• [EXERCISE INSTRUCTIONS]: These records contain pictures, which must be left out; copy exactly the lines from the one with "consisting of three" up to and including the one with "② 脊髄損傷脊髄損傷患者の褥瘡予防看護学雑誌 67巻3号医書.jp。".

• [GIVEN RECORDS]:
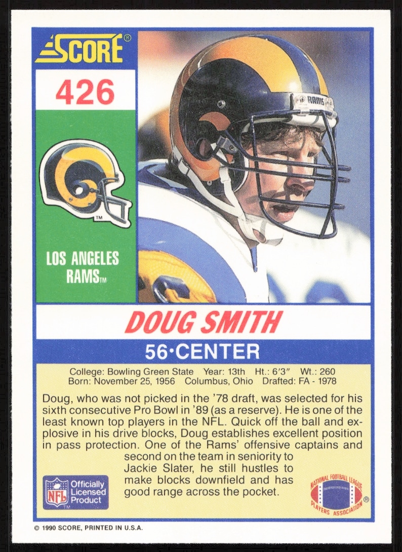 This Football card, from 1990 is part of the Score card set. Doug Smith is featured and has a card number of 426.
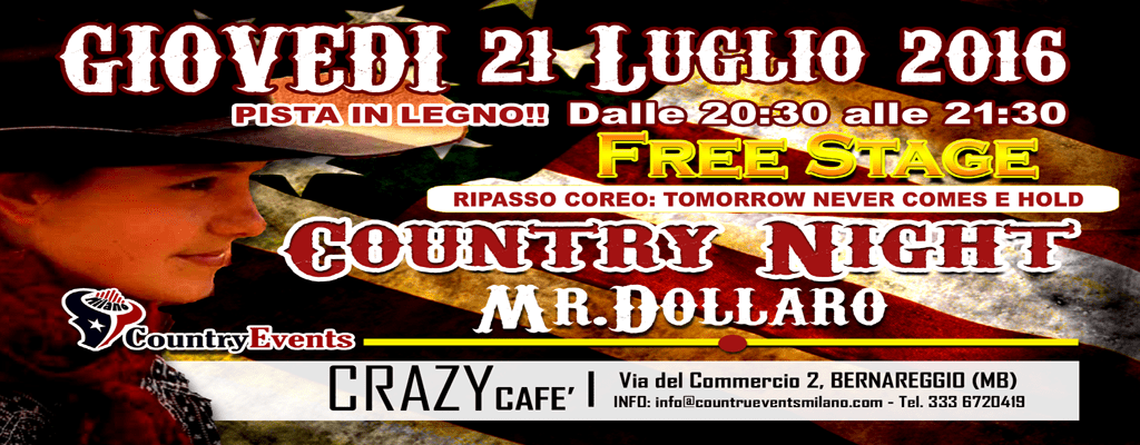 Giovedì 21 Luglio Country Night al Crazy Cafè di Bernareggio (MB)
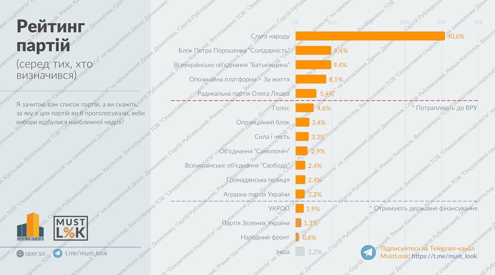 Їх електоральні симпатії розподілилися наступним чином: "Слуга народу" – 40,6%, "Європейська Солідарність" (екс-БПП) – 9,4%, ВО "Батьківщина" – 9,4%, "Опозиційна платформа – "За життя" – 8,1%, "Радикальна партія" Олега Ляшка – 5,4%, партія "Голос" – 4,6%, "Опозиційний блок" – 3,4%, "Сила і Честь" – 3,3%, "Самопоміч" – 2,4%, "Громадянська позиція" – 2,4%.
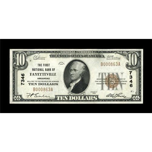 <B>Fayetteville, AR</B></I> - $10 1929 Ty. 1 <B>The First NB</B></I> Ch. # 7346<BR> A beautiful small example displaying amazing original embossing. <B>Choice About Uncirculated.</B></I><BR><BR><b>Shipping:</b> Coins & Currency (<a target="_blank" href="http://www.heritageauctions.com/common/shipping.php">view shipping information</a>)
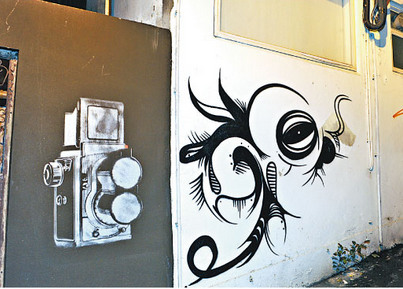 香港上环一画廊后巷墙壁20日晚深夜被人涂鸦。香港《明报》图
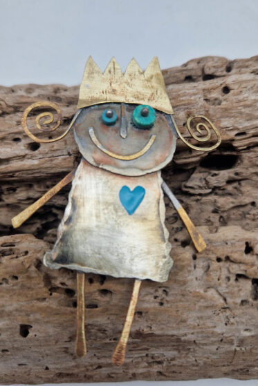 Cynowana, patynowana, malowana i lutowana ręcznie . Totalnie unikatowa, bo nawet jak ma siostrę, czy brata…. to i tak każda z nich jest inna.
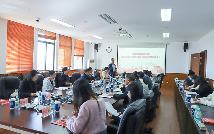 为深入学习贯彻习近平新时代中国特色社会主义思想、党的二十大和党的二十届四中全会精神,落实《关于深化新时代学校思想政治理论课改革创新的若干意见》要求,10月24日下午,思政课有效教学研讨暨上海师范大学马克思主义学院与我校马克思主义学院共同备课会,在思博综合楼505会议室举办。本次会议由两校马院联合举办、我校马院承办。上师大马院4位专家、上海工商外国语职业学院党委书记万峰、马院院长何玉海、常务副院长沈李、副院长陈静、支部书记倪丽娜及马院20余名教师参会,围绕“提升思政课教学实效”核心议题展开深度交流,为思政课改革创新凝聚共识、贡献方案。
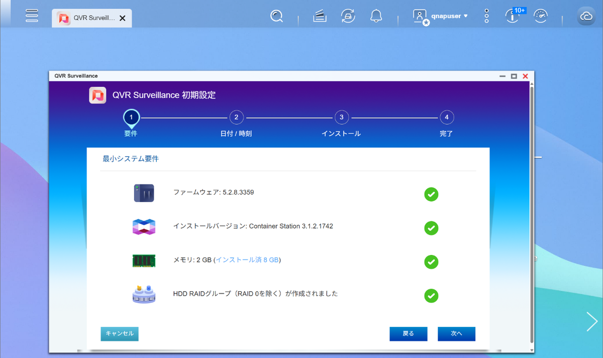 WebブラウザーでNASにアクセスするとOS「QTS」の画面が表示される。「App Center」から「QVR Surveillance」アプリのインストールを実行すると、まず動作する環境かチェックされる
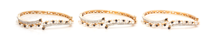 consisting of three bangles containing 27 pearls measuring approximately 4.16-4.46 mm in diameter, 84 round single cut diamonds weighing approximately 0.82 carat total, and 30 round mixed cut sapphires measuring approximately 2.35-2.20 mm in diameter.Stamp: 14K IGJRLY.
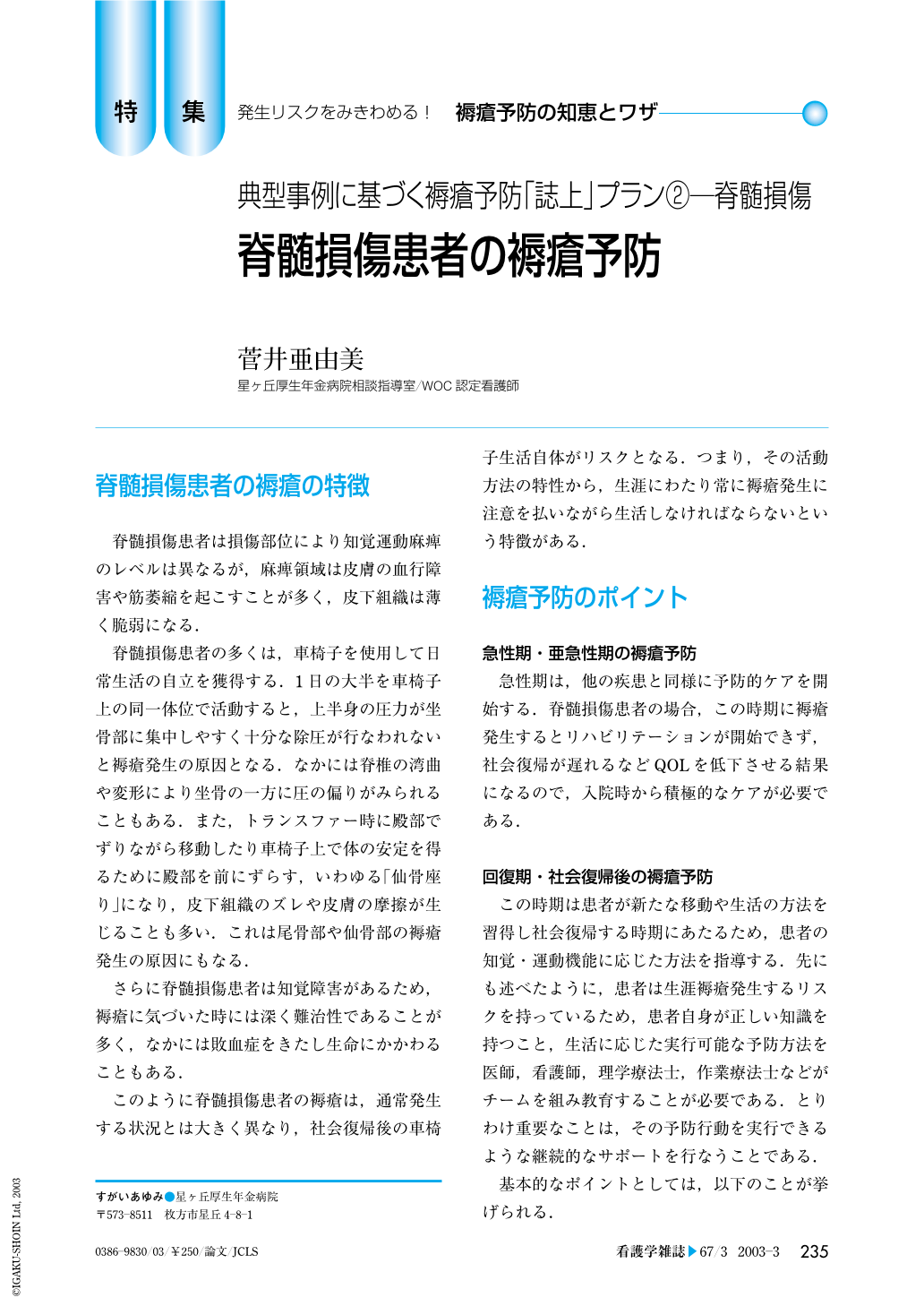 ② 脊髄損傷脊髄損傷患者の褥瘡予防看護学雑誌 67巻3号医書.jp。
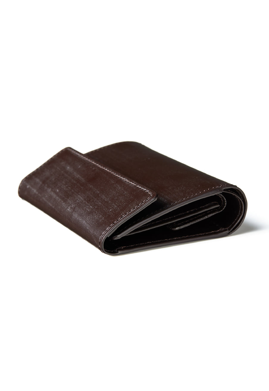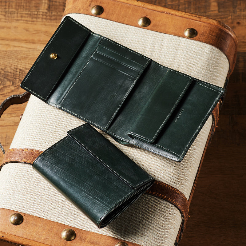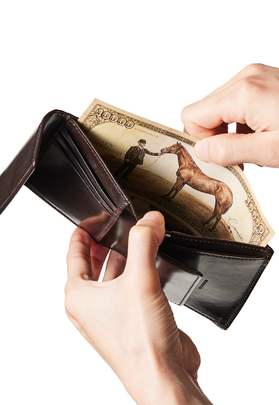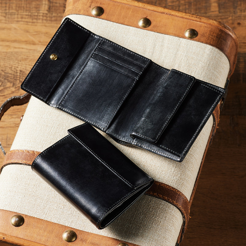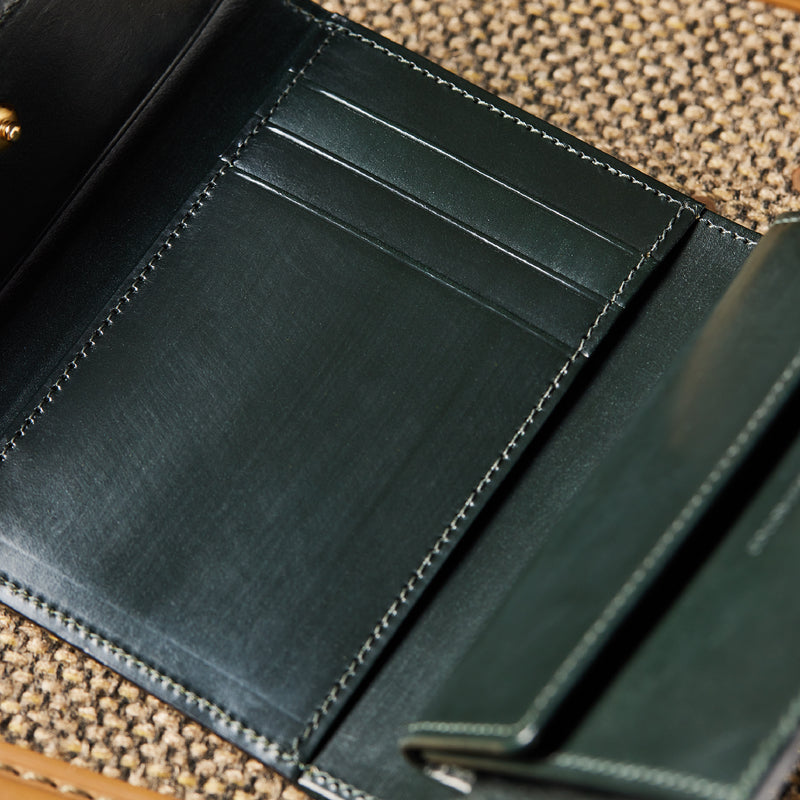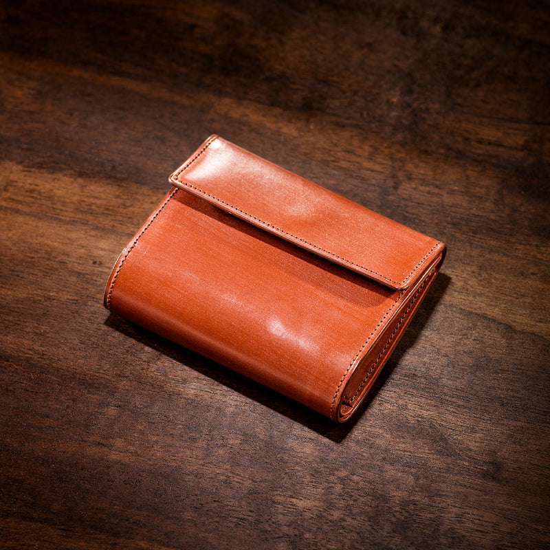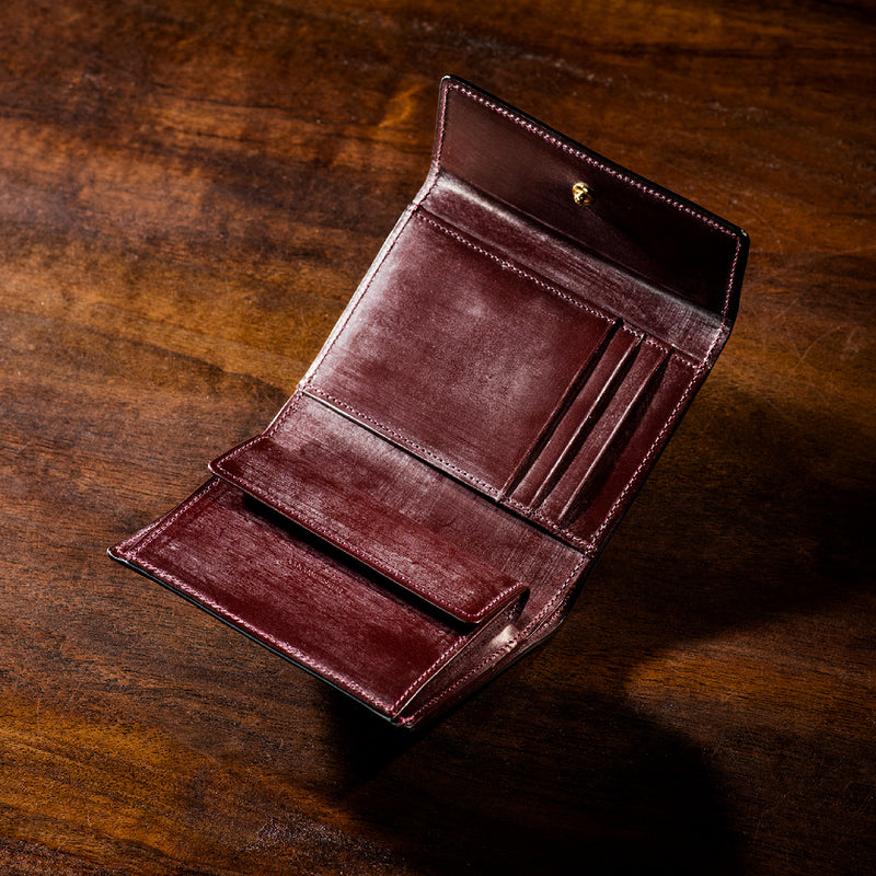 英国文化の真髄を追求したシリーズ、ジョージブライドル。イギリス産の最高級馬具革を全面に使用、高い技術力を誇る日本の熟練職人の技により、トラディショナルで芸術的な作品を作り上げます。表裏ブライドルレザーが美しく洗練されています。折りたたみタイプの3つ折り財布、手帳の様なお洒落なフォルムが魅力。手に収まるデザインで、置いても絵になる格好良さがあります。| 外寸 | 縦9.4×横11.4×厚さ3cm |
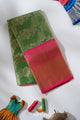 Orange Pure Silk Pattu Pavadai Unstitched Material For Kids !!!

• [TASK RESULT]:
 consisting of three bangles containing 27 pearls measuring approximately 4.16-4.46 mm in diameter, 84 round single cut diamonds weighing approximately 0.82 carat total, and 30 round mixed cut sapphires measuring approximately 2.35-2.20 mm in diameter.Stamp: 14K IGJRLY.
 ② 脊髄損傷脊髄損傷患者の褥瘡予防看護学雑誌 67巻3号医書.jp。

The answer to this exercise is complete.